TASK GOAL: Please restate each line of the data that follows word for word, skipping any image.

╭─ GIVEN DATA

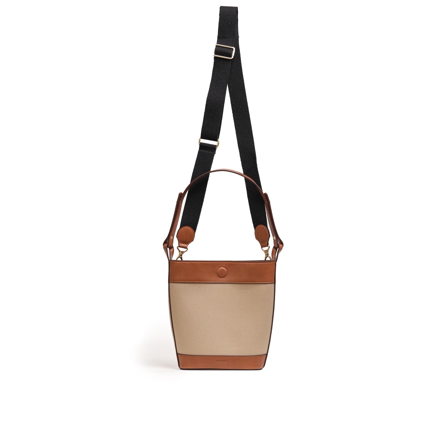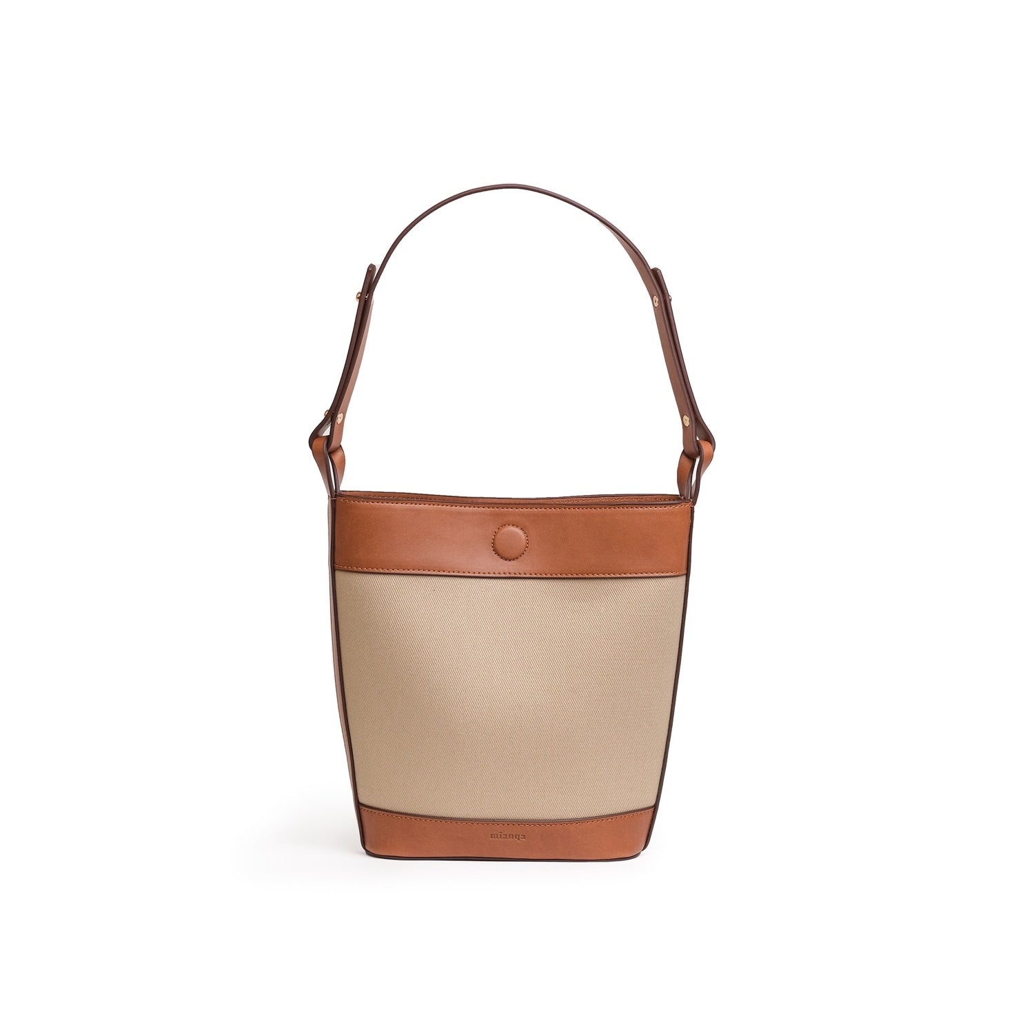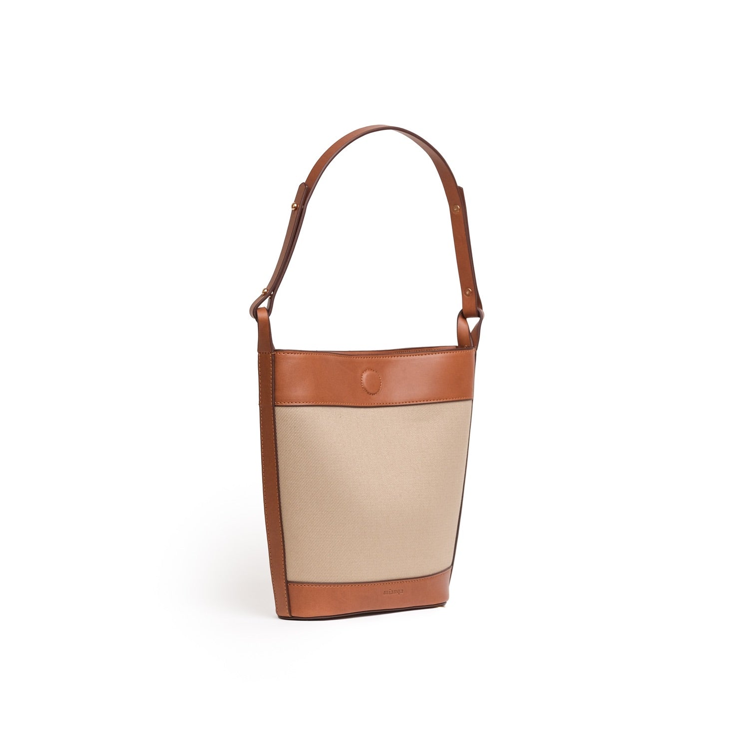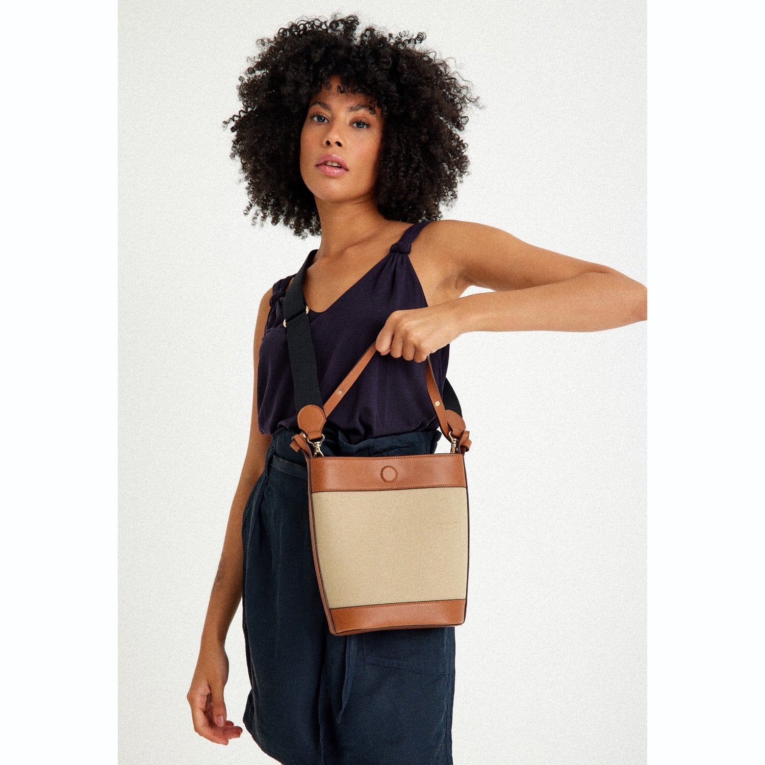 Vegan Apple Leather & Fabric Bucket Shoulder & Crossbody Bag Beige
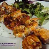 Brocheta de salmón y langostinos
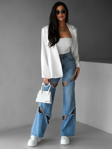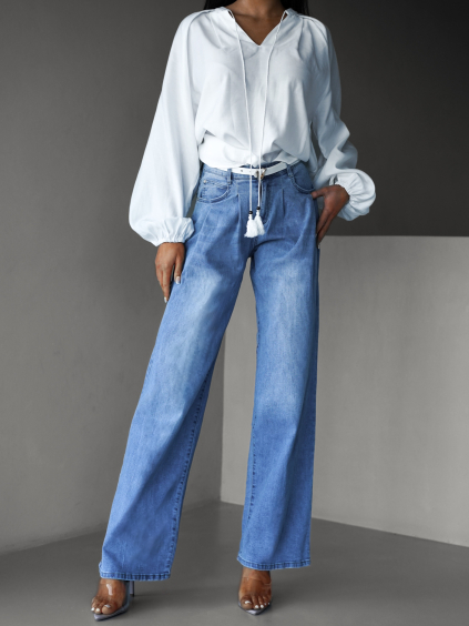 Modré wide leg džíny CHARYTIN s cvoky
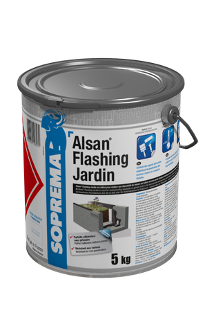 Alsan® Flashing Jardin is to be used to waterproof the upstands, in new construction work or maintenance. Alsan® Flashing Jardin is designed to replace traditional waterproofing bitumen layer. Alsan® Flashing Jardin must be applied with a brush or a roller, according to technical instructions, from 2 to 3 layers on dry and clean surface, without primer. Ensure that the product is well mixed in order to obtain a proper homogenization of components. Product cleaning: use Diluant V or L (thinners).
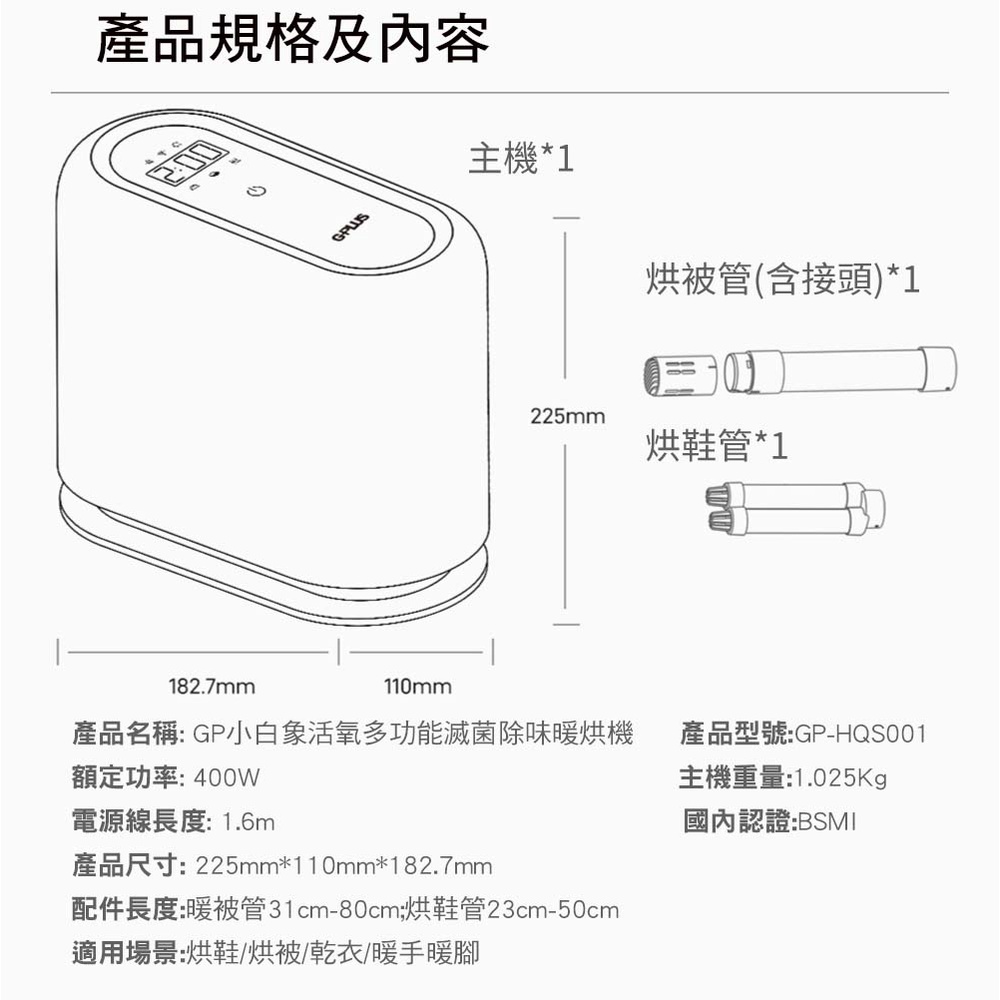 【G-PLUS】 GP-HQS001 GP小白象 活氧多功能滅菌除味暖烘機 (贈烘衣袋) 烘被機 烘鞋機
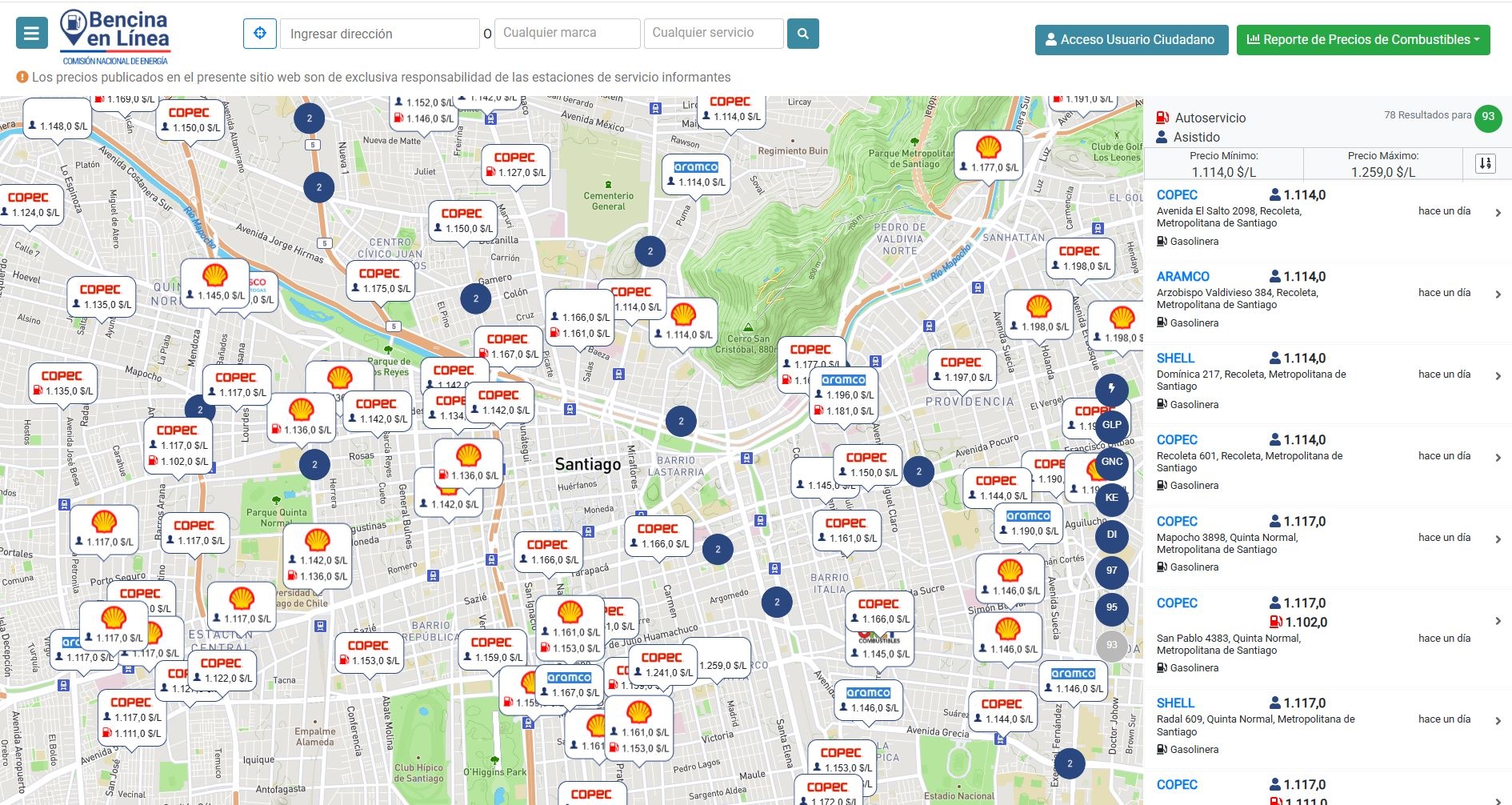 La Comisión Nacional de Energía tiene un sitio web con un mapa interactivo en donde arroja la marca de la bencinera, los precios que tiene, su ubicación exacta, los métodos de pago que aceptan, entre otros datos relevantes.
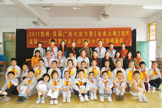 2011年5月,首届广西作家节在贺州市举行,图为作家们深入校园与小学生交流
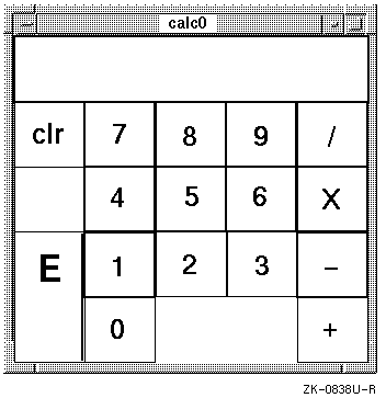 WS includes source listings and makefiles for four related sample programs: calc0, calc1, calc2, and calc3. Each of these sample programs is an implementation of the same application: a desktop calculator. Although all four programs present a similar user interface (shown in Figure 3-3), the source code of each program shows a different approach to XDPS application design.
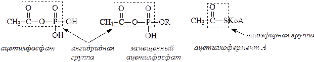 В биологических объектах в качестве ацилирующих агентов выступают тиоэфиры и смешанные ангидриды кислот. Ацетилфосфат и родственные ему соединения образуются при расщеплении АТФ под действием карбоксилат-ионов. Ацетилкофермент А образуется в результате ферментативного расщепления замещенных ацетилфосфатов под действием кофермента А.
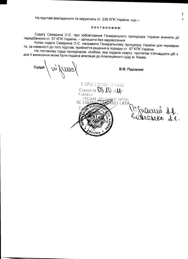 Трохи позволікавши (ну як же ж – Тимошенко, Луценко, стільки важливого) Печерський суд постановою від 10.08.11 залишив позовну заяву без задоволення з просто феєричною мотивацією: “заява…не є заявою про вчинення злочину, оскільки не містить даних про наявність в діях певних осіб ознак втручання у діяльність державного діяча чи перешкоджання діяльности народного депутата, а тому не підлягала вирішенню в порядку ст.97 КПК України…Можливі порушення самі по собі не можуть вважатись даними, які вказують на ознаки злочинів”. Для гурманів постанова в повному обсязі – тут http://www.reyestr.court.gov.ua/Review/17636379, а для тих, хто не зрозумів, у чому засаднича феєричність судової постанови – апеляційна скарга.
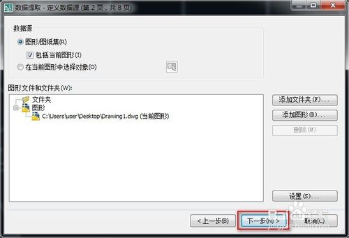 “数据提取-定义数据源”窗口,各项保持默认,点击“下一步”。
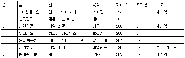 1순위 지명권은 안드레스 비예나(등록명 비예나)와 재계약을 선택한 KB손해보험에 돌아갔다.
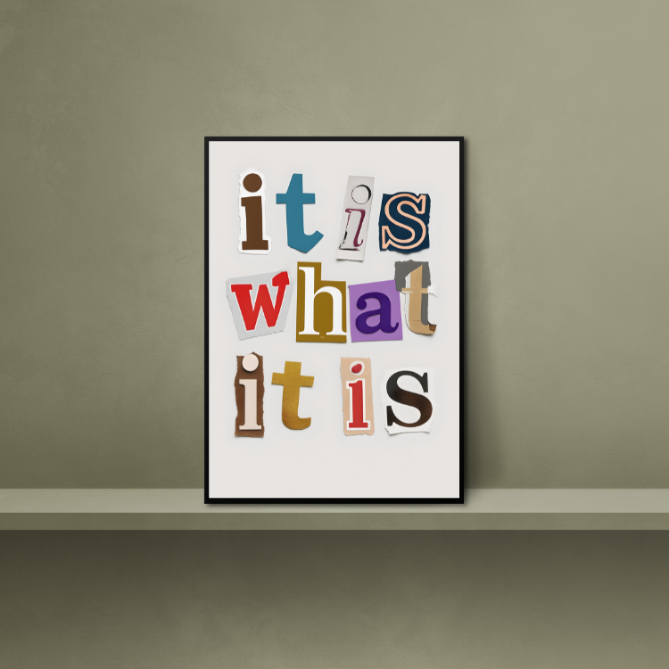 Plakat It Is What It Is to ciekawa dekoracja ścienna, która świetnie sprawdzi się jako ozdoba do Twojego domu lub jako oryginalny prezent. Łatwy do oprawienia, dostępny w popularnych rozmiarach.

╰─

EXERCISE SOLUTION:
 Vegan Apple Leather & Fabric Bucket Shoulder & Crossbody Bag Beige
 Brocheta de salmón y langostinos
 Modré wide leg džíny CHARYTIN s cvoky
 Alsan® Flashing Jardin is to be used to waterproof the upstands, in new construction work or maintenance. Alsan® Flashing Jardin is designed to replace traditional waterproofing bitumen layer. Alsan® Flashing Jardin must be applied with a brush or a roller, according to technical instructions, from 2 to 3 layers on dry and clean surface, without primer. Ensure that the product is well mixed in order to obtain a proper homogenization of components. Product cleaning: use Diluant V or L (thinners).
 【G-PLUS】 GP-HQS001 GP小白象 活氧多功能滅菌除味暖烘機 (贈烘衣袋) 烘被機 烘鞋機
 La Comisión Nacional de Energía tiene un sitio web con un mapa interactivo en donde arroja la marca de la bencinera, los precios que tiene, su ubicación exacta, los métodos de pago que aceptan, entre otros datos relevantes.
 2011年5月,首届广西作家节在贺州市举行,图为作家们深入校园与小学生交流
 WS includes source listings and makefiles for four related sample programs: calc0, calc1, calc2, and calc3. Each of these sample programs is an implementation of the same application: a desktop calculator. Although all four programs present a similar user interface (shown in Figure 3-3), the source code of each program shows a different approach to XDPS application design.
 В биологических объектах в качестве ацилирующих агентов выступают тиоэфиры и смешанные ангидриды кислот. Ацетилфосфат и родственные ему соединения образуются при расщеплении АТФ под действием карбоксилат-ионов. Ацетилкофермент А образуется в результате ферментативного расщепления замещенных ацетилфосфатов под действием кофермента А.
 Трохи позволікавши (ну як же ж – Тимошенко, Луценко, стільки важливого) Печерський суд постановою від 10.08.11 залишив позовну заяву без задоволення з просто феєричною мотивацією: “заява…не є заявою про вчинення злочину, оскільки не містить даних про наявність в діях певних осіб ознак втручання у діяльність державного діяча чи перешкоджання діяльности народного депутата, а тому не підлягала вирішенню в порядку ст.97 КПК України…Можливі порушення самі по собі не можуть вважатись даними, які вказують на ознаки злочинів”. Для гурманів постанова в повному обсязі – тут http://www.reyestr.court.gov.ua/Review/17636379, а для тих, хто не зрозумів, у чому засаднича феєричність судової постанови – апеляційна скарга.
 “数据提取-定义数据源”窗口,各项保持默认,点击“下一步”。
 1순위 지명권은 안드레스 비예나(등록명 비예나)와 재계약을 선택한 KB손해보험에 돌아갔다.
 Plakat It Is What It Is to ciekawa dekoracja ścienna, która świetnie sprawdzi się jako ozdoba do Twojego domu lub jako oryginalny prezent. Łatwy do oprawienia, dostępny w popularnych rozmiarach.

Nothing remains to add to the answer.